I looked at a slide of a tiny smear of my own blood. At about 55x, you can clearly see the red blood cells, but they are only pale tiny roundish dots. You can imagine that they have a particular shape, but it's not clear.

If I could go back in time and give this to Leeuwenhoek, what would he think? Certainly the achromatic lens would have amazed him. But otherwise, his microscopes revealed as much or more than mine could given their generally higher power.

It was a fun little project. I already have a lot of ideas for a Mark II version. 🙂

Looks very nice! How did you machine the circular neck in the bronze please?

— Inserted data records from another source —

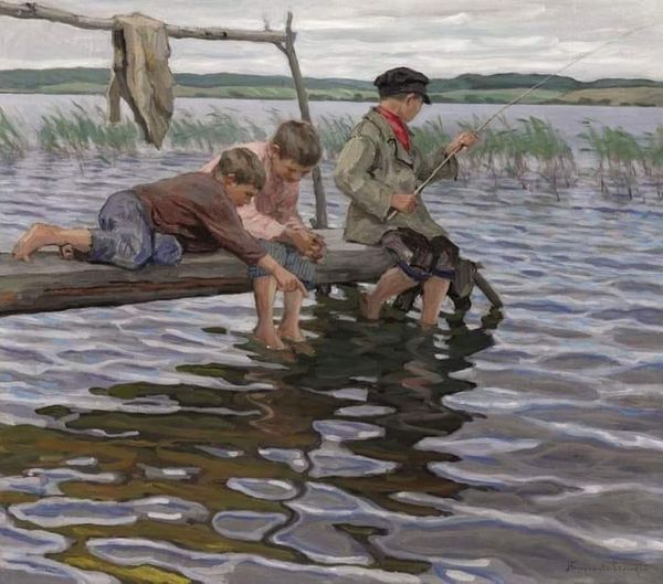El ancho y pacífico Volga fluye sus tranquilas aguas en medio de la estepa. Dimitri y su amigo Igor, que se refresca los pies en el agua, observan los peces que se acercan para ver si hay algo que comer. Se instalan temprano por la mañana en un pequeño pontón rodeado de juncos. Su amigo Vassili, que es mayor, vigila la caña de pescar que ha lanzado en este pequeño rincón donde abundan los peces.
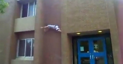 這名男子以為自己可以飛簷走壁,直到一路撐到頂樓無路可走,結果我不敢看了…
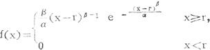 瑞典人韦布(W Weibull)提出。 设随机变量x的密度函数为  其中:β>0称形状参数,r称位置参数,α>0称尺度参数,则x服从韦布分布。它导源于计算链的失效概率或单个环被拉断的概率。 这种模型适用于由某一局部失效,便引起全部机能停止的现象,是可靠性分析中最常用的最复杂的一种分布。 由于它形式多样,易于得出适合各种故障形态的数学模型,在可靠性分析中应用广泛。 其中,当β接近 时,它近似正态分布;β=1,r=0时,为最有用的特殊情况之一,指数分布。 韦布分布的计算有矩法和最大似然法,但过于繁复。 实际中多用韦布纸以图解法实现。 当α=2,β=2,r=0时为  即在噪声理论和海浪理论中很有用的瑞利(Rayleigh)分布。 |
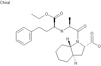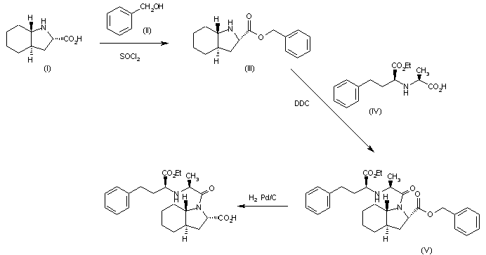 The esterification of (3aR,7aS)-octahydroindole-2(S)-carboxylic acid (I) with benzyl alcohol (II) by means of SOCl2 gives the corresponding benzyl ester (III), which is condensed with N-[1(S)-(ethoxycarbonyl)-3-phenylpropyl]-(S)-alanine (IV) by means of 1-hydroxybenzotriazole, N-ethylmorpholine and dicyclohexylcarbodiimide (DCC) in DMF giving the benzyl ester (V) of the desired product. Finally, this compound is debenzylated by hydrogenation with H2 over Pd/C in ethanol.
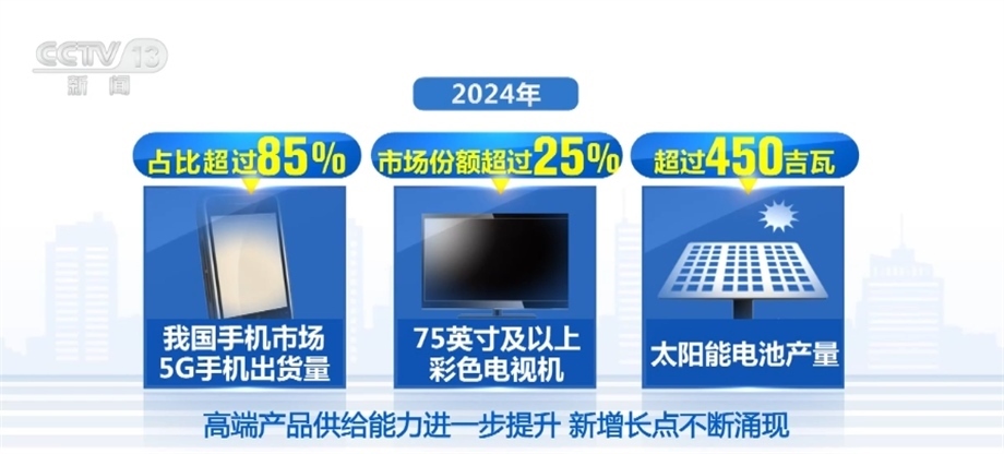 方案中明確提出,2023年—2024年,計算機、通信和其他電子設(shè)備制造業(yè)增加值平均增速5%左右,電子信息制造業(yè)規(guī)模以上企業(yè)營業(yè)收入突破24萬億元。2024年,我國手機市場5G手機出貨量占比超過85%,75英寸及以上彩色電視機市場份額超過25%,太陽能電池產(chǎn)量超過450吉瓦,高端產(chǎn)品供給能力進一步提升,新增長點不斷涌現(xiàn)。
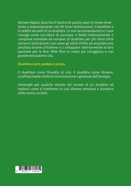 Aeneas Appius descrive il fascino di questo sport in modo divertente e impressionante con 45 brevi dichiarazioni. Il duathlon e le abilità versatili di un duatleta. Le sue raccomandazioni e i suoi consigli come corridore di successo a livello internazionale e campione mondiale ed europeo di duathlon per più fasce d'età aiutano i principianti così come gli atleti d'élite ad acquisire una preziosa visione d'insieme e a sviluppare ulteriormente la loro passione per la Run-Bike-Run in modo più coraggioso e con grande entusiasmo vita. Duatleta corre, pedala e pensa. Il duathlon come filosofia di vita, il duatleta come dinamo, un'affascinante simbiosi di prestazione e gestione dell'energia. Immergiti per qualche minuto nel mondo di un duatleta ed esplora come si trasforma in una dinamo preziosa e duratura nella nostra società.

Maybe useful technique for making suspension springs.

Nice, mental 'note-to-self' filed away... ..thanks for posting..

I used a 1/4" center-cutting ball-end mill to cut the neck, just running it ball-end-down horizontally across the metal.

I think it wound up being 0.004" at its thinnest. I'd try for thinner next time, as it was still a little on the stiff side, but fine for this purpose.

To make a pendulum hinge, it would have to be considerably thinner still: 0.001" max, and likely less. Accurate work holding and precise tramming, to something like 0.0001" or better across the material would be needed for sure, lest one end of the cut be thicker than the other. Also, you would have to reverse the material and cut both sides equally. A lot could go wrong.

This bronze is reasonably hard and has a good ring to it. While it's much livelier than brass, I'm not convinced it's well suited for a spring as flexible as would be needed for a pendulum. I may try to make something as thin as I can to see.

IIRC the BeCu shim I have is 0.1mm thick = .004in? Did you use PB?